Mother in law and her two siblings have done everything necessary to claim their rights and have a few wells up, one producing, with more being planned and expect to rec'v royalties soon.
What happens to the unclaimed rights for the missing/disinterested heirs. What happens to the royalties. Does mother in law and her siblings have a right to claim this as the only known survivors, or at least the only interested survivors. Can they file a quiet claim, etc..
She has heard through landman or someone in the chain of leasing that a couple people have been found but have no interest in providing the information necessary to make their claim legal? This might sound dumb, but it was a lot of work, of course it was work when there were no royalties on the horizon, in hindsight it was pretty simple for the revenue that will come in.

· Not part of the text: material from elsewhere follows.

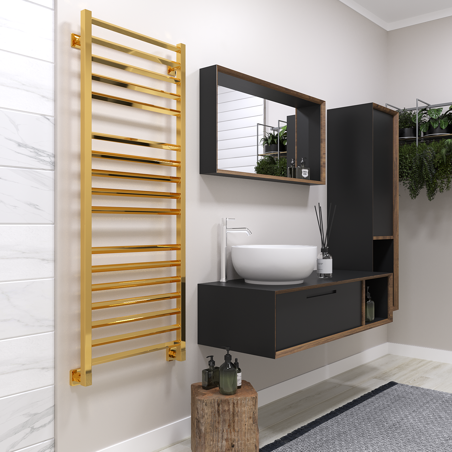 - Скрытое подключение дает возможность подключить электрический полотенцесушитель без видимых проводов

My limited knowledge is that the land owner can make a claim on abandoned rights, but is this really abandoned? when there are fractional interest that aren't abandoned, do the fractional owners have a right to claim them? the easy answer is anyone can make a claim, but is there a legitimate chance that she can make this claim valid? She doesn't want them to go to strangers or the state if she can help it? She assumed people would be found and step up as her and her siblings did but for the past couple years, no one.
This is in North Dakota, bakken, not sure what county.
Main questions, do they have a claim to others rights? where do the royalties go? escrow? can they file a claim, like quiet claim for the rest of the rights?